Cinematographer George Folsey (Sr.) was Oscar-nominated 13 times, but I think Meet Me has to be his crowning achievement, even if I do love his widescreen compositions for Seven Brides for Seven Brothers and Forbidden Planet. Minnelli’s background as art director helps explain the eye he always seemed to have, and you can see from the framing of the very first shot he directed in this movie’s shooting chronology (Garland and Bremer at a bedroom mirror) that we are dealing with two behind-the-camera artists who always know where a moviegoer’s eye wants to go. There’s another scene where Garland and Drake douse her household’s downstairs chandelier lights — a masterwork of photographic ingenuity in terms of set-ups and an assignment much more difficult to pull off than you might assume. The visual totality is so overwhelming that you find yourself staring at the weaving on the Smith’s living room upholstery, as in the wonderful show-stopper where Garland and O’Brien perform “Under the Bamboo Tree” at a gathering of young friends. Like a lot in the movie, the scene is about a lot more than what is just happening on screen. It shows what social mixing was like for young people in those pre-radio days when it paid to have a piano-player as one of your friends — just as the famed Halloween sequence shows how the holiday was once celebrated before “trick or treat” took over.

With the passage of time, Meet Me looms as the standout Technicolor feast of its year, though I have seen a 35mm nitrate print of Leon Shamroy’s Oscar-winning ’44 work for 20th Century-Fox’s Wilson, which is definitely something to be reckoned with. This long-awaited Blu-ray version of Minnelli’s own career-maker is a kind of color alternative to what Warner did earlier this year with black-an-white on its release of Citizen Kane — employing a kind of “artful grain” that shows up if you’re fairly close to the screen but contributes marked detail if you move just a few inches back (I tried this out). The release rates the same cardboard book-like packaging that Warner reserves for its most prestigious Blu-ray releases, and also included is a short CD of the Martin-Blane staples the movie produced (imminent petrol for my Ipod).

The other extras recycle a lot of what was on the deluxe 2004 standard DVD version, including a marvelously weaved-together assemblage of scene-specific audio interviews and commentary (O’Brien included) — spearheaded by John Fricke, who is resident expert on all things Joo-dy. Fricke is so knowledgeable that he could probably still get away with his voice-over if he sounded like Elmer Fudd, but as it turns out, his speaking voice is most pleasant, and he has a gift for organizing the material. Other extras among many include a couple vintage documentaries and an unsold 1966 “Meet Me” TV pilot with Celeste Holm in the Mary Astor mother’s role, which would have likely seemed as out of its time as that same year’s The Singing Nun, the MGM feature that finished off Benson’s screenwriting career. (Had it sold, the series would have likely premiered at the same time Count Five’s “Psychotic Reaction” was charting, around the time I was beginning my sophomore year of college). 

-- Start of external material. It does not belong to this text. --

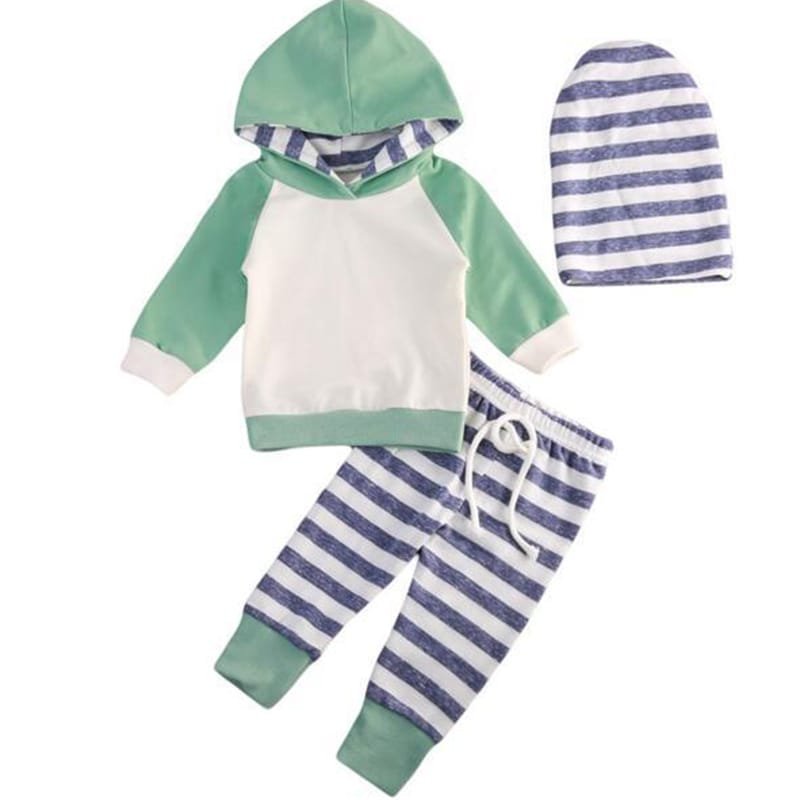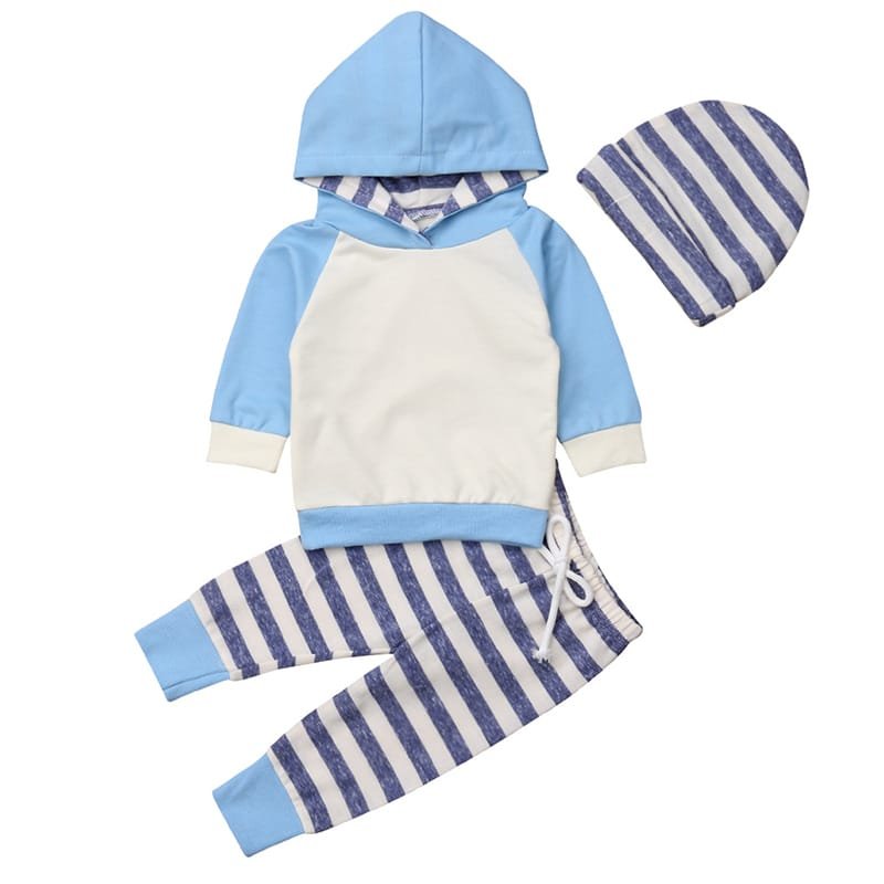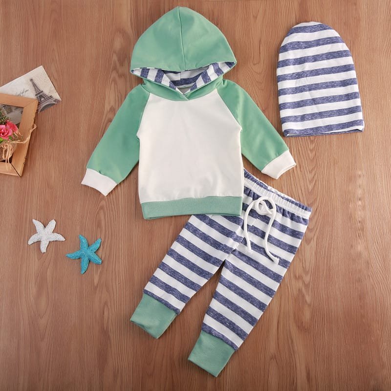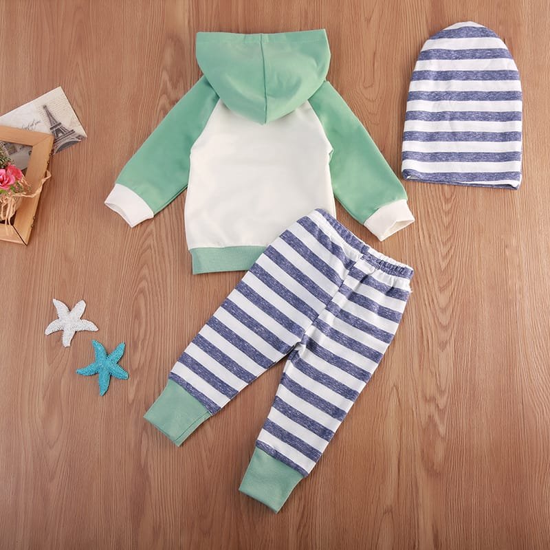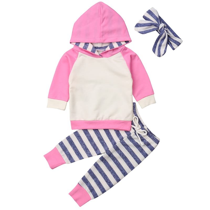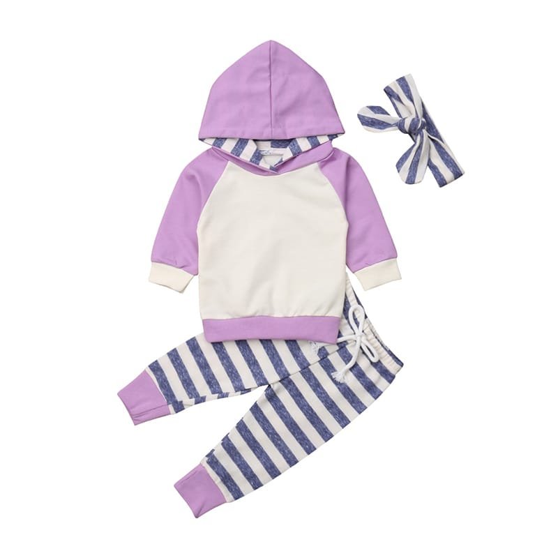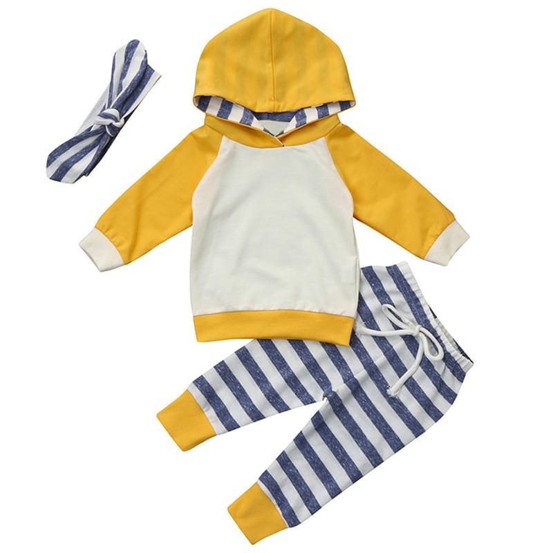 Kids Splice Hooded Tops And Stripe Pants With Headband Three-piece Set

There’s all kinds of famous stories involved with the movie’s production: how Minnelli and Garland first met here — and initially didn’t get along; how Garland rightfully balked at a singing a much more lyrically morose version of “Have Yourself a Merry Little Christmas” until Martin and Blane did a polish; how the unforgettable Halloween scene was almost cut from the final version and how a Rodgers and Hammerstein tune included here on some bonus track audio (“Boys and Girls Like You and Me”) was excised. Yet the movie’s reviews were glowing the get-go, and (says the commentary) Meet Me went on to become the biggest box office success MGM had had up to that time — discounting Gone with the Wind, which was distributed by the studio but produced by Selznick. Beyond the flop pilot, it spurred many stage productions, some featuring Jane Powell as Esther, who also starred in a terrifically cast 1959 production that CBS aired on a Sunday night a year after her big-screen career ended. Top-billed was Tab Hunter in the Tom Drake role — who, because his career started late and Powell’s early, was only two years younger than his co-star when one would assume a much larger age differential.

Benson then went on to write the screenplay for Viva Las Vegas. It’s just a guess, but I’m betting that she was the only New Yorker writer who ever penned an Elvis movie.